Thus the legal status of such an advance directive has to be examined disposition by disposition. The validity of each disposition will depend on the relevant law governing that disposition (consent to treatment, consent to participation in experiments, appointment of a representative, etc.)

Conditions surrounding the writing, validity and registration of an advance directive

For the reasons explained in section 3.2.2.1 above, the conditions of validity of an advance directive have to be examined separately for each disposition, having regard for the law governing that disposition, namely:

- consent to or refusal of certain types of treatment, including non-conventional treatment – see Sections 3.2.1.1, 3.2.1.3 and 3.2.1.4 above;

- designation of the Article 14 Representative to act on the patient’s behalf if the patient should become incapable of acting him/herself – see Section 3.2.1.1 above;

- consent to donation of organs or tissue while still alive – see Section 3.2.1.5 above;

- consent to participation in clinical trials - see Section 3.2.1.6 above;

- formulation of an advance declaration concerning euthanasia in the event that the patient becomes unconscious – see Section 3.2.4.3 below.
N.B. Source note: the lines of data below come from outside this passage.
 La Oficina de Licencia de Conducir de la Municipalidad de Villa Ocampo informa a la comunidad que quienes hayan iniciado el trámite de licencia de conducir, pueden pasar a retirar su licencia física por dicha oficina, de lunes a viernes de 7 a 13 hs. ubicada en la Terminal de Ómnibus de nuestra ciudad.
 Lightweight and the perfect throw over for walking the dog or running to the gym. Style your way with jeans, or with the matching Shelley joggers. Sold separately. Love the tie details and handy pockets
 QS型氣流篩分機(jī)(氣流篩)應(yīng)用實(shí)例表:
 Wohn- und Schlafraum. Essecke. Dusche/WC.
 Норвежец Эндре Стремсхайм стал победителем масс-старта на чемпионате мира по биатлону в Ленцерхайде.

What an advance directive can cover

For the reasons explained in section 3.2.2.1, an advance directive can cover anything for which the law requires prior consent or appointment, namely:

- consent to or refusal of certain types of treatment, including non-conventional treatment – see Sections 3.2.1.1, 3.2.1.3 and 3.2.1.4 above;

- designation of an Article 14 Representative to act on the patient’s if the patient should become incapable of acting him/herself – see Section 3.2.1.1 above;

- consent to donation of organs or tissue while still alive – see Section 3.2.1.5 above;

- consent to participation in clinical trials - see Section 3.2.1.6 above;

- formulation of an advance declaration concerning euthanasia in the event that the patient becomes unconscious – see section 3.2.4.3 below.

Obligation to comply with instructions contained in an advance directive

For the reasons explained in section 3.2.2.1 above, the question whether the physician is obliged to comply with instructions contained in an advance directive has to be examined by reference to the type of instruction under consideration.
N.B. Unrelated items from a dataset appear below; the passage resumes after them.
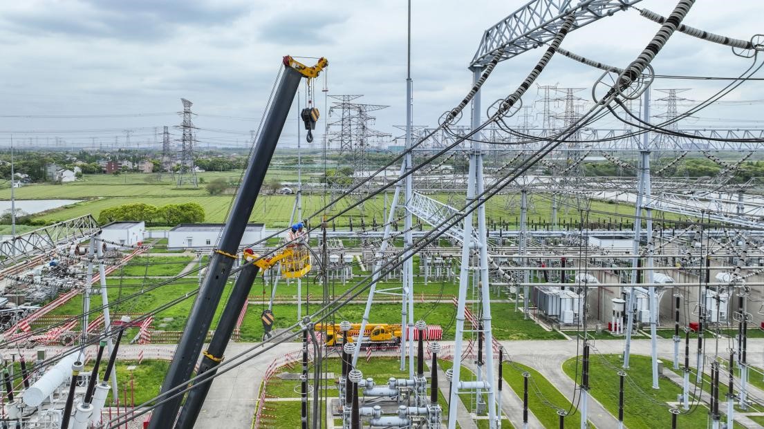 4月24日,在500千伏吴江变电站主变增容扩建工程现场,省送变电公司施工人员正在安装主变设备引下线。该站投运后,将进一步提升苏州500千伏主干网架消纳区外来电能力,满足区域内的用电需求。(史俊)
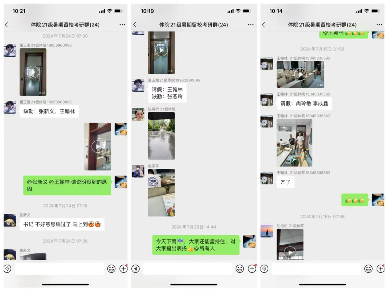 学院分管学生工作领导和辅导员全天候在线,在微信群中密切关注学生的出勤、学习情况,对未按时打卡、状态不佳的学生,第一时间进行提醒、询问,通过这种“晨7晚10”全天候、不间断的沉浸式陪伴督学,帮助学生养成良好的作息习惯和学习习惯,建立稳定的学习生活节奏。通过打卡让学生时刻感受到备考的紧迫感和同辈压力,形成“比学赶超”的良好氛围。这种近乎严苛的精细化管理方式是对学生自律性和意志力的极大锻炼,也与学院体育人“顽强拼搏、永不言弃”的精神特质相契合。
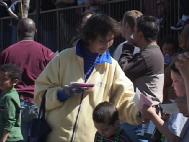 彩车上放着两个莲花台,彩车的尾部挂着用英文写着“真,善,忍”和“法轮大法好”的横幅。一路上,两名东方学员和两名西方学员分别在彩车上作了功法表演。两位东西方女学员分别在莲花台上盘腿打坐,十分优美。有不少游人,包括儿童,认真地模仿着学员的功法动作,有的人竖起大拇指,还有的人挥手致意。
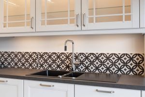 - allas: musta 2-altainen allas ("SCHOCK: Built-in sink Patos D-150, made of CRISTADUR, magma")
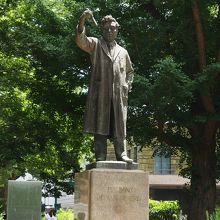 上野公園を散策途中に見つけました。国立博物館に向かって右手側にある木立の散策路のなかにひっそりとあって、風景に溶け込んでいてあまり目立ちません。日本の大偉人なのに・・・。最近はお札の顔のイメージが強いため、銅像の顔はちょっとイメージが違って見えました。
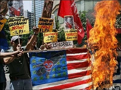 تظاهرکنندگان در شهر ماکاتی در شرق مانيل پايتخت فيليپين پرچم آمريکا و اسرائيل را آتش می زنند.
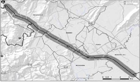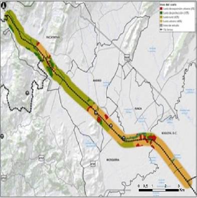 En la fase de síntesis fueron compilados los datos obtenidos en el proceso de investigación para que, a través de su integración, se pudieran observar los componentes específicos en el área de estudio. Para el análisis, se comparó la cartografía digital del sector occidental de la Sabana con el programa ArcGis, como se mencionó anteriormente. El área de estudio se determinó trazando una zona de amortiguación de 1 km de ancho a cada lado de la vía férrea desde su eje, que resultó en un área total de influencia directa de 8852.5 ha (figura 3).
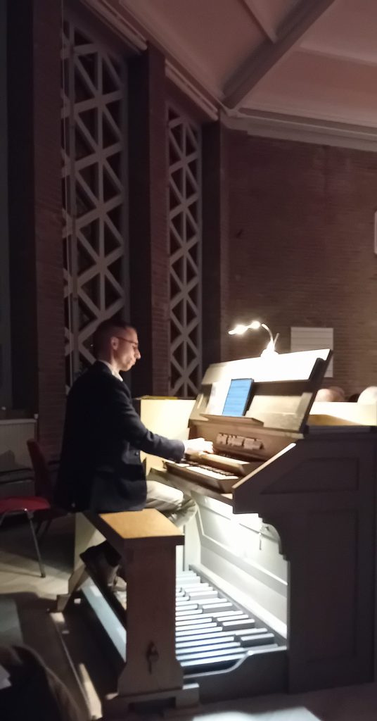 Terug naar Gert. Vlakbij hem zittend zie je de virtuositeit van de vier ledematen op de nieuw ogende elektropneumatische Verweijs uit 1955 met een lekkere holpijp in plaats van de holquintadeen. Waar profvoetballers al moeite hebben met tweebenigheid, zien we een tovenaar die tweebenigheid paart aan tweehandigheid. Pedalen en klavieren voegen zich naar de muziek van Bach via Gert. Dat de registers hier mechanische knopjes zijn, soit! Als Nederlands Songfestivaldeelnemer Claude volgend jaar in Bazel een variatie op Bachs ‘Jesu bleibet meine Freude’ zou zingen, was Joost Klein snel vergeten.

The underlying principle of Article 8 § 4 of the Law of 22 August 2002 on Patients’ Rights is that the wishes of the patient must be respected. Thus if the patient’s written instructions refuse a certain treatment the physician must comply. However, the fact that the patient may have refused a particular treatment does not affect his/her rights under Article 5 of the same law, namely a right to quality services corresponding to his/her needs, and in full respect for his/her human dignity and autonomy.

It follows also from this underlying principle that the scope of a patient’s consent, if any, to donation of organs must not be exceeded, as also the scope of his/her consent, if any, to take part in clinical trials.

It should be noted that a physician is under no legal obligation to comply with a patient’s advance declaration concerning euthanasia. The Law on Euthanasia of 28 May 2002 merely provides the physician with protection against criminal prosecution if he/she carries out an act of euthanasia within the strict conditions laid down by the law. Thus the question whether the physician complies with the patient’s advance declaration in this respect is solely a matter of professional ethics for the physician.

Amending, renewing and cancelling advance directives

A consent or authorisation discussed above can be revoked at any time in writing signed by the patient. The amendment or renewal of a consent or appointment would have to be accomplished respecting the same formalities as for the original consent or appointment. As far as concerns an advance declaration concerning euthanasia, the Law on Euthanasia of 28 May 2002 simply says that the declaration can be withdrawn at any time, but does not prescribe any formalities for such withdrawal. In practice, if a patient were to do anything that cast doubt on his/her advance declaration concerning euthanasia, the physician would not act.

Access to information/diagnosis

The right to be informed

Pursuant to Articles 7 and 8 of the Law of 22 August 2002 on Patients’ Rights, patients have the right to be informed about their medical situation and any treatment by the physician. There are also a few provisions in the Code of Medical Ethics regarding access to information. Article 29, for example, states that it is the doctor's duty to inform the patient of the reasons for diagnostic or therapeutic interventions which he/she proposes. It does not state that the patient must be informed of the diagnosis, but Article 33 states:

"The physician informs the patient in due course on the diagnosis and prognosis, including serious and fatal prognosis. For this purpose the physician must take into account the patient’s wishes. In any case, the physician assures the patient a continued treatment and appropriate follow-up. At the same time, the physician must inform the patient’s entourage accordingly unless the patient objects.."

Access to medical files

Article 9 § 1 of the Law of 22 August 2002 on Patients’ Rights provides that a patient has the right to require his physician to keep a file with due care, up to date an in a safe place. The patient may provide his/her physician with documents to be kept in the medical file. Moreover, there are many provisions of the various laws in the medical field which require a physician to place a record of certain information in a patient’s medical file. Articles 38 and 39 of the Code of Medical Ethics also require that a physician should in principle keep a medical file on each patient and is responsible for determining who has access to all or part of the information kept in it.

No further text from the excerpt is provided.